The Japanese Society for Transplantation and Cellular Therapy (JSTCT) and the Japanese Data Center for HCT have compiled clinical information on patients who underwent HCT at >300 centers across Japan.34,35 In parallel, the Mount Sinai Acute GVHD International Consortium (MAGIC) prospectively monitored the clinical course of acute GVHD at 24 HCT centers in North America, Europe, and Thailand.36 In this collaborative study between the JSTCT and MAGIC, we first developed day 28 refined response (RR) criteria and then validated and compared its performance against conventional treatment response measures, day 28 OR and CR, using validation cohorts from the JSTCT and MAGIC registry databases.
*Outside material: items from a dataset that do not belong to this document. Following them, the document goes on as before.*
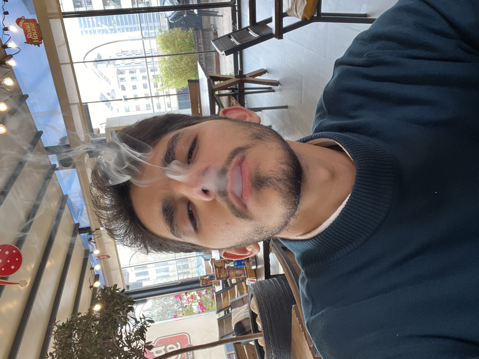 - "A young adult male, with dark hair and a short beard, is depicted in a close-up shot, exhaling a visible plume of smoke directly upwards from his mouth while looking towards the viewer" by FM-WnN6r1, licensed under CC BY 4.0
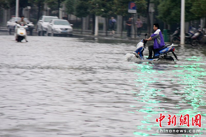 6月8日,在江西瑞昌市街頭,行人在積水中艱難前行。自6月7日夜間開(kāi)始,江西九江市持續(xù)遭受暴雨襲擊,各縣、區(qū)24小時(shí)的平均降雨量在80毫米左右,最大降雨量在廬山區(qū)達(dá)到134毫米。魏東升 胡國(guó)林/CFP
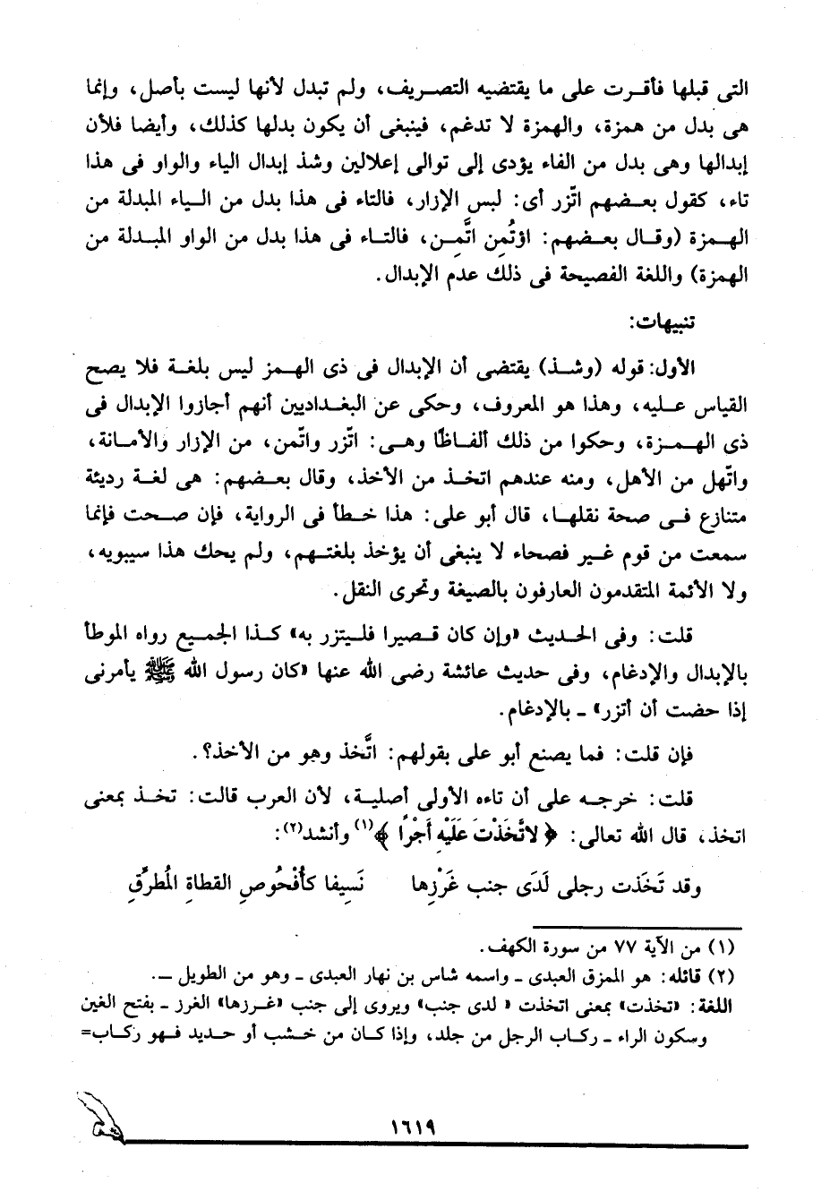 الأول: قوله "وشذ" يقتضي أن الإبدال في ذي الهمز ليس بلغة فلا يصح القياس عليه، وهذا هو المعروف، وحكى عن البغداديين أنهم أجازوا الإبدال في ذي الهمزة، وحكوا من ذلك ألفاظًا وهي: اتَّزر واتَّمن، من الإزار والأمانة، واتَّهل من الأهل، ومنه عندهم اتَّخذ من الأخذ، وقال بعضهم: هي لغة رديئة متنازع في صحة نقلها، قال أبو علي: هذا خطأ في الرواية، فإن صحت فإنما سمعت من قوم غير فصحاء لا ينبغي أن يؤخذ بلغتهم، ولم يحك هذا سيبويه، ولا الأئمة المتقدمون العارفون بالصيغة وتحري النقل.

Data source and patient selection

This study included adolescent/adult patients (aged ≥16 years) who underwent their first allogeneic HCT between 2014 and 2021 in Japan and between 2014 and 2022 in the MAGIC centers. Patients who received systemic corticosteroids as primary treatment for grade 2 to 4 acute GVHD were included in the primary treatment cohort. Patients from the primary treatment cohort who received second-line treatment for grade 2 to 4 acute GVHD were included in the second-line treatment cohort. A CONSORT diagram is presented in supplemental Figure 1. Informed consent was previously obtained from all participants in accordance with the Declaration of Helsinki. This study was approved by the institutional review boards of the Jichi Medical University Saitama Medical Center and MAGIC and the data management committee of JSTCT/Japanese Data Center for HCT.

Definitions

Acute GVHD was graded according to the MAGIC criteria.37 Treatment response was assessed at day 28 from the initiation of primary or second-line treatment. Conventional GVHD response was assessed using the following criteria27,33: CR was defined as the resolution of all symptoms without additional systemic treatment; PR was defined as improvement in at least 1 organ with no worsening of other target organs or additional systemic treatment; and OR was defined as achieving either CR or PR. When indicated, grades 1a and 1b were defined as any improvement that approximates CR but with residual stage 1 and stage 2 skin disease, respectively.33 Grade 2a was defined as skin stage of ≤2 and GI stage of ≤1 without liver involvement.38 Grade 2b was defined as skin stage of >2, GI stage of >1, or any liver GVHD. The criteria for determining cause of death were slightly different between the JSTCT and MAGIC cohorts. For JSTCT patients, cause of death was assessed by the treating physician at each center and reported as either acute GVHD or other causes. For MAGIC patients, cause of death was centrally adjudicated and categorized as either uncontrolled acute GVHD (if active GVHD was present at the time of death) or other causes if GVHD was inactive.

Statistical analysis

Gray method was used to estimate and compare NRM, with primary disease relapse considered a competing event. The landmark point was set at day 28 from the initiation of primary or second-line treatment, which served as the starting point for all analyses. The primary end point was 6-month NRM from the landmark point.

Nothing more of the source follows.